Location
- Country: Thailand
- Ecclesiastical province: Bangkok
- Metropolitan: Bangkok
- Coordinates: 19°54′50″N 99°50′39″E﻿ / ﻿19.913928°N 99.844083°E

Statistics
- Area: 37.839 km^{2} (14.610 sq mi)
- PopulationTotal; Catholics;: (as of 2018); 2,683,794; 18,062 (0.7%);
- Parishes: 16
- Churches: 130
- Schools: 6

Information
- Denomination: Catholic Church
- Sui iuris church: Latin Church
- Rite: Roman Rite
- Cathedral: The Nativity of Our Lady Cathedral in Chiang Rai

Current leadership
- Pope: Leo XIV
- Bishop: Joseph Vuthilert Haelom
- Metropolitan Archbishop: Francis Xavier Vira Arpondratana

= Diocese of Chiang Rai =

Latin Catholic diocese in Thailand

The Diocese of Chiang Rai (Dioecesis Chiangraiensis) in northern Thailand is a Latin Catholic suffragan diocese of the Archdiocese of Bangkok.

The diocese covers an area of 37,839 km^{2}, covering four provinces: Chiang Rai, Nan, Phayao, Phrae and Ngao District of the Lampang Province. The diocese is divided into 16 parishes, having 47 priests altogether.
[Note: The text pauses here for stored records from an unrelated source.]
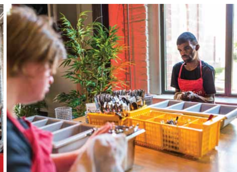
ALLES WORDT SPIC EN SPAN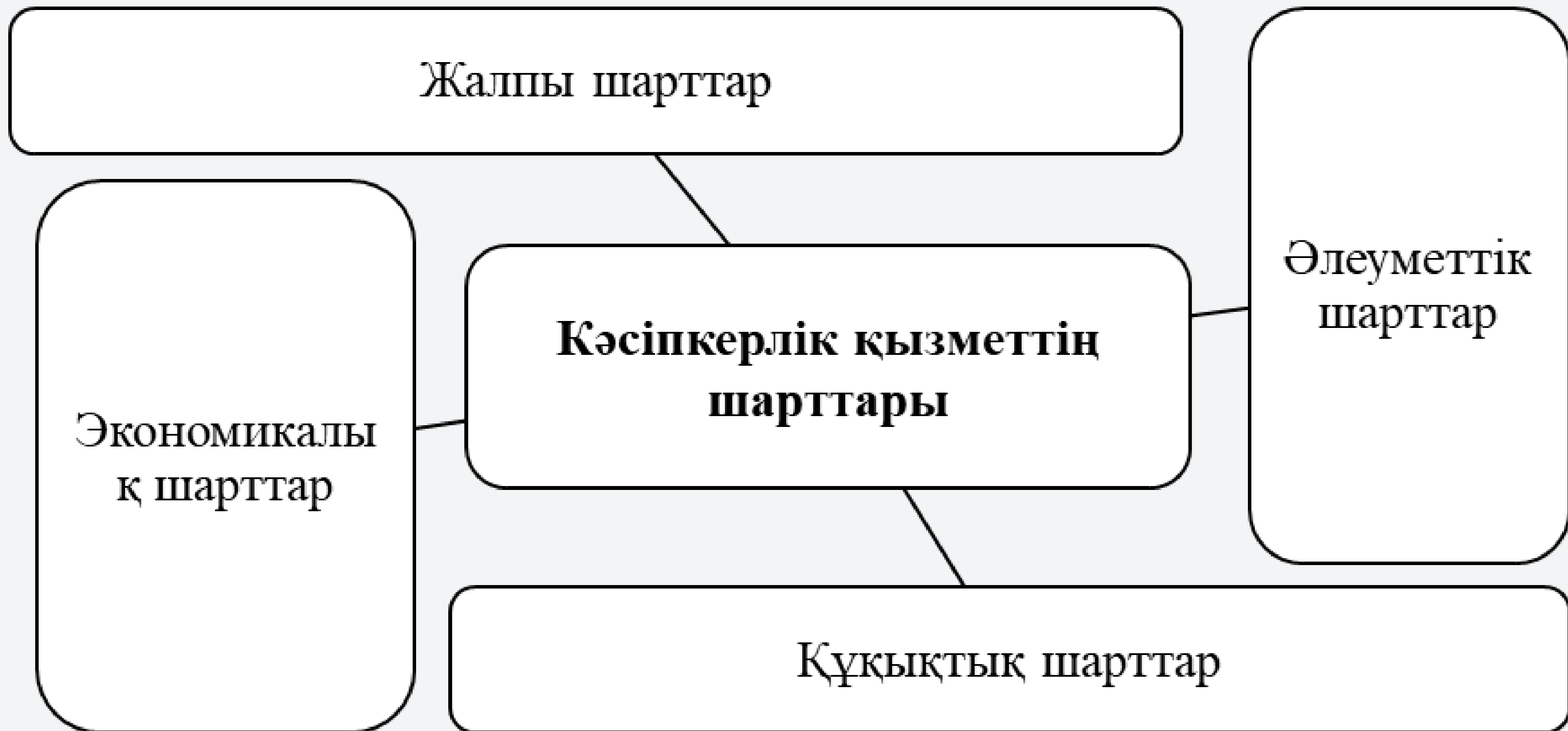
Сурет – Кәсіпкерлік қызметтің шарттары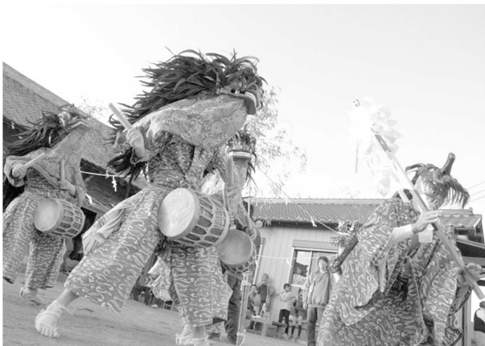
市指定無形民俗文化財（除堀の獅子舞）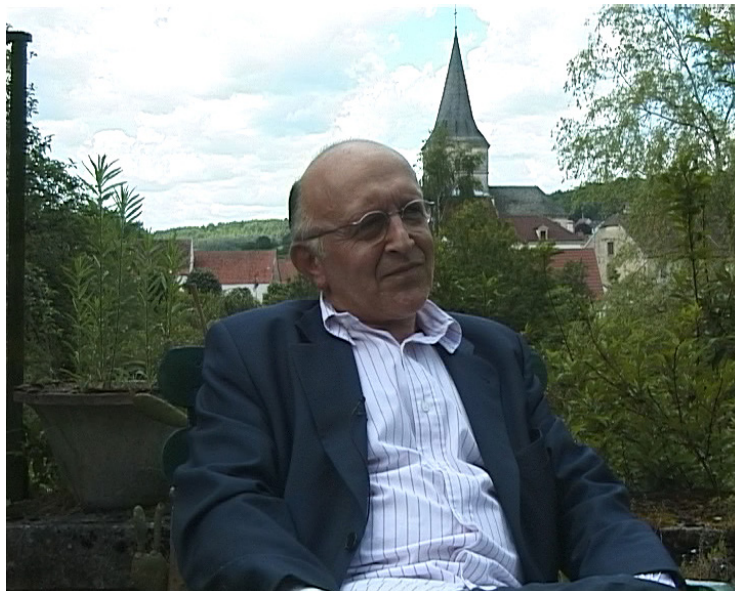
Portrait de Bertrand Lavier. Capture du film Bertrand Lavier Versailles Chantiers .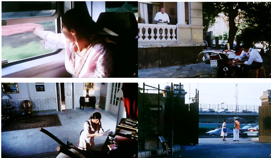
صورة رقم (١) بعض الكادرات المتنوعة من فيلم " في شقة مصر الجديدة"

مثل ما قدمه في فيلم " في شقة مصر الجديدة " ، فكانت أغلب كادرات الفيلم واسعة يحتل الفراغ جزء كبير منها والزوايا المنفرجة ( صورة رقم (1) ، وحركة الكاميرا هادئة بطيئة ليرمز إلى اسلوب الحياة وطبيعة الشخصية لبطله الفيلم.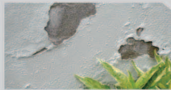
สีลอก่อน (Peeling)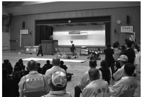
中学校の交通安全教室

えつけないければならない。児童・生徒の交通ルールの遵守と安全意識の向上に向けた、本市の取り組みを問う。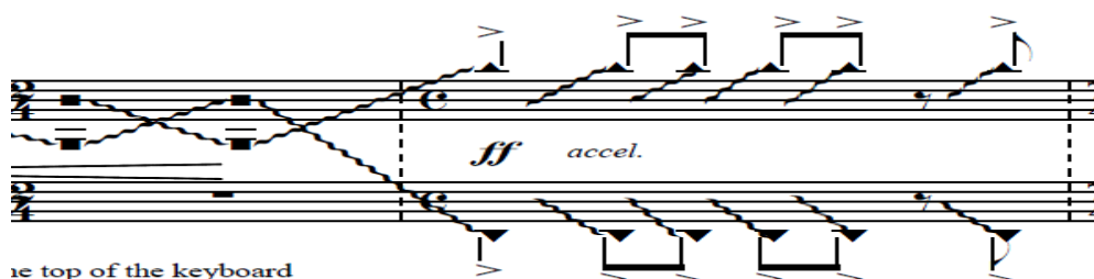
А. Корсун: «Aqua Sonare», т. 54-55

Шостий розділ, заключний, представляє увазі слухача поєднання трьох елементів (т. 6164): фактурно та ритмічно модифікований стукіт, глісандо без зазначеної звуковисотності, глісандо від заданих звуків та стукіт у первинному способі виконання, ритмічно змінений (друга половина т. 66).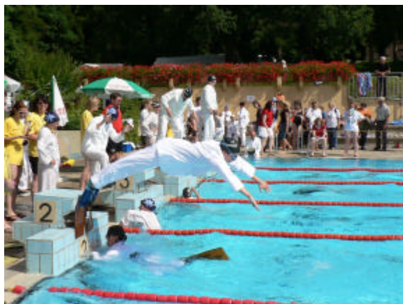
Kleiderschwimmen mit Flossen

Nach anstrengendem Wettkampf und kleiner Stärkung wurde im Rahmen einer Beachparty die Siegerehrung durchgeführt. Hierbei wurde allen Teams die Teilnahme versüßt, die Erstplatzierten durften sich darüber hinaus über schöne Wanderpokale freuen.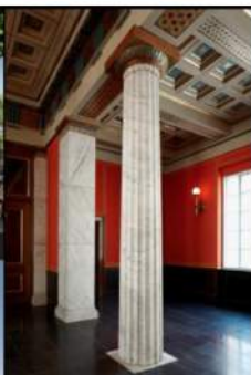
Domus Media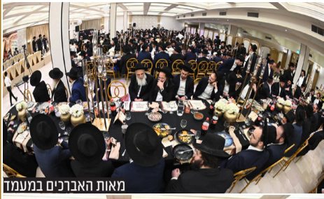
מאות האברכים במעמד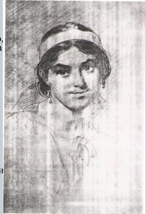
Ликера Полусмакова. Худ. Т. Г. Шевченко. Вугілля, 1860.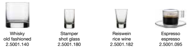
Whisky old fashioned 2.5001.140 Stamper shot glass 2.5001.180 Reiswein rice wine 2.5001.182 Espresso espresso 2.5001.095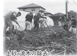
土砂・流木の除去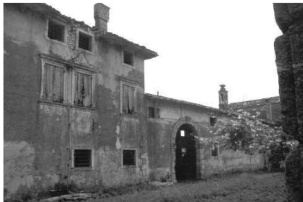
Scorcio sugli annessi rustici (Archivio IRVV) Parte della facciata principale prospiciente la strada (Archivio IRVV)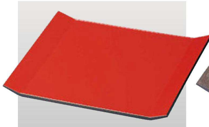
① M-8-15 A 9寸羽反盛皿 朱測黒 ¥950 (27.2×21.2×1.7) 櫃100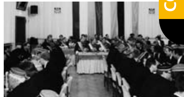
Chargierte und Festcorona kommersieren im großen Saal des Hotels ›Schwarzer Bär‹

(Die ungekürzten Reden sind in der nachzulesen unter www.rhenania-jena.de )

As of 2018, of the 2.684 million citizens in the area, 18,062 are members of the Catholic Church.

==History==
The diocese was erected on 25 April 2018, when it was split off from the Diocese of Chiang Mai.

==Cathedral==
The Nativity of Our Lady Cathedral in Chiang Rai.